「どうよ、付き合ったら」
さらっと言われた。
けれど「じゃあそうするよ」と簡単に言える話でもない。
「いや、そういうつもりじゃないでしょ」
「えー、だって不動産会社の主任候補でしょ。出世コースでしょ。相手としちゃ悪くないじゃん」
幸希の言葉をスルーして、亜紗は条件をあげていく。
「まー、異動は多いんだっけ? そこだけネックかもねぇ。年下ってのもちょっとアレかもだけど……二歳くらいなら誤差でしょ」
なんて、亜紗は結婚相手としての値踏みを語りはじめた。
けれど幸希はあまり気が進まなかった。
戸渡がどうこうという以前に、結婚相手を条件で決めたくはない、と以前から思っていた。
シンプルに言えば、恋愛結婚がしたいのだ。この歳になっては、もう少々高望みかもしれないのに。
街コンに行ったくらいには、合コンなりお見合いなりそういうところでさっさと相手を見つけて結婚前提に付き合って……というのが多分、現実的だとわかっている。
夢見る乙女じゃあるまいし、と自分に呆れることもあるのだけど、願望は願望。持っているだけならいいと思っている。
それはともかく、戸渡本人。
今のところ、戸渡のことは彼氏候補とかそういう対象としては見ていなかった。
でも先日、彼氏の振りをして助けてもらっている。なのでまるで興味が無いというわけでもなかった。知らんぷりだってできないし。
それにちょっとときめいた。だって、亜紗の言ったように、『ナイト』ともいえる行為だったのだから。
「結構いいんじゃないかなー。幸希、面倒見いいけどちょっと無理しがちなとこあるから、そういう気の付く子が彼氏か旦那になると助けてくれるかもよ?」
亜紗は急に真面目な話をはじめた。それは何度か言われていたことだ。
「いつもそう言うけどさぁ」
「だって大学時代に倒れたことあったでしょ。レポートに集中しすぎて」
耳に痛いことを言われた。幸希は、う、と詰まってしまう。
三年生の終わり。卒論のかかったレポート。難航するあまり、二徹してしまったあとの日のことだ。

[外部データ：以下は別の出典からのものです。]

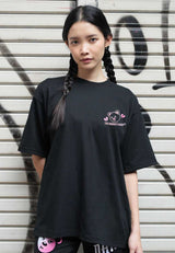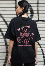 OVERSIZED HEAT-SENSITIVE HEART BROKEN HAUGHTY BEAR (BLACK) COTTON JERSEY TSHIRT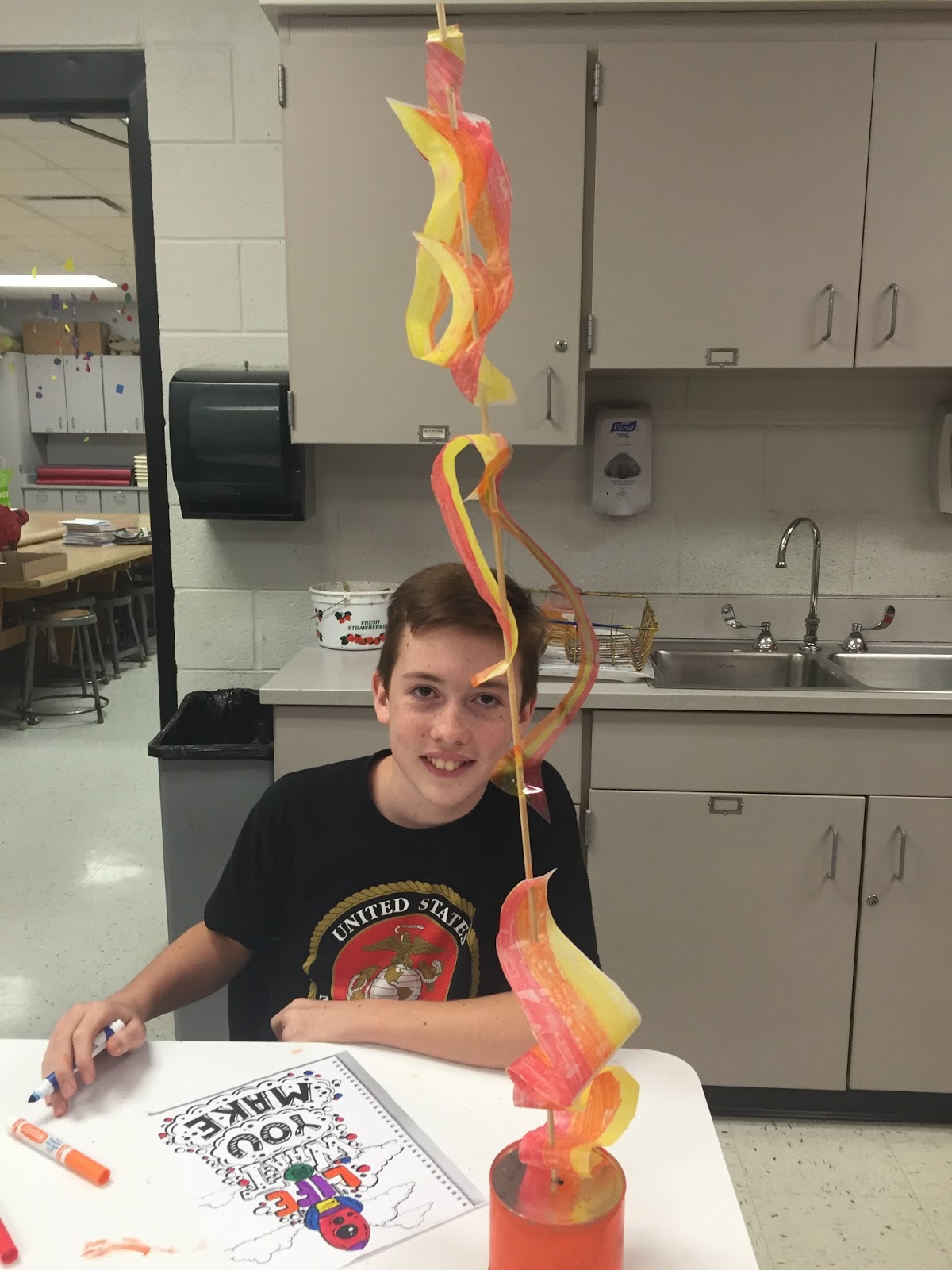 Sicth graders wrapped up the semester with a non-objective project after learning about Dale Chihuly and his blown glass sculptures like that in the Indy Children's Museum.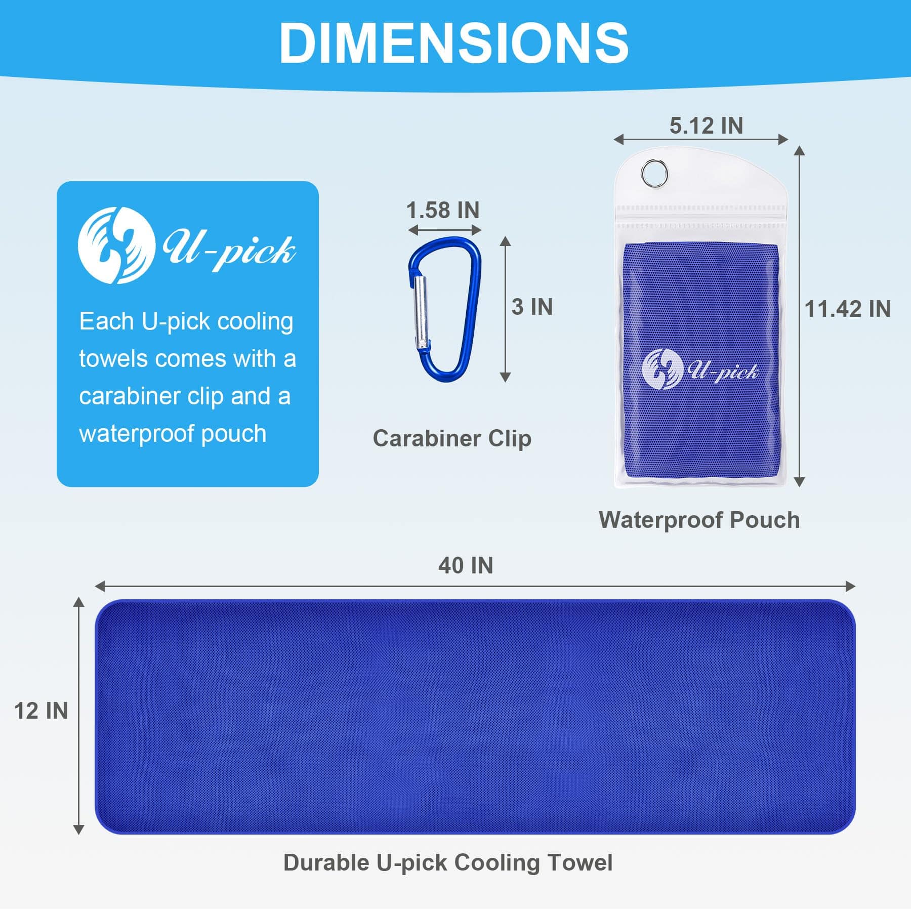 Las toallas de enfriamiento U-pick son la solución perfecta para mantenerte fresco y cómodo en climas calurosos. Hechas de 55% nailon y 45% poliéster, estas toallas son altamente transpirables y absorbentes, lo que las hace ideales para usar en el gimnasio, durante el yoga, en partidos de softball, béisbol u otros deportes, así como en actividades al aire libre como acampar, hacer senderismo, escalar o navegar. La tela de enfriamiento única hace que la toalla se enfríe instantáneamente y puede durar hasta 3 horas en condiciones normales. Además, la bolsa impermeable y los mosquetones multiusos facilitan el almacenamiento y transporte de la toalla. Ésta se puede llevar en mochilas, bolsas de gimnasio o incluso engancharse a llaveros, botellas de agua u otros equipos. Además, la garantía de satisfacción del 100% te brinda la tranquilidad de que si no estás completamente satisfecho con el producto, puedes devolverlo sin problemas. ¡Disfruta de la frescura y comodidad en todo momento con las toallas de enfriamiento U-pick!

結果、学校で重度の貧血を起こして病院に運ばれてしまったのだ。
幸いただの過労と貧血だったので、投薬と点滴で済んだ。そして日帰りで夜には帰ることができたけど、そのとき一緒にいた友達は青ざめて病院まで付き添ってくれたし、両親には叱られた。「体を壊したら元も子もないでしょう!」と。
亜紗は大学が別だったけれど、その話は当時にしていたのだ。
友達にも両親にも、そして多分教授などにも迷惑をかけてしまったこと。そのくらい無理をしてしまったのは考えなしだったと思うのだが、『やることがある』となるとそればかりになって突っ走ってしまうのは、幸希の悪い点であるといえた。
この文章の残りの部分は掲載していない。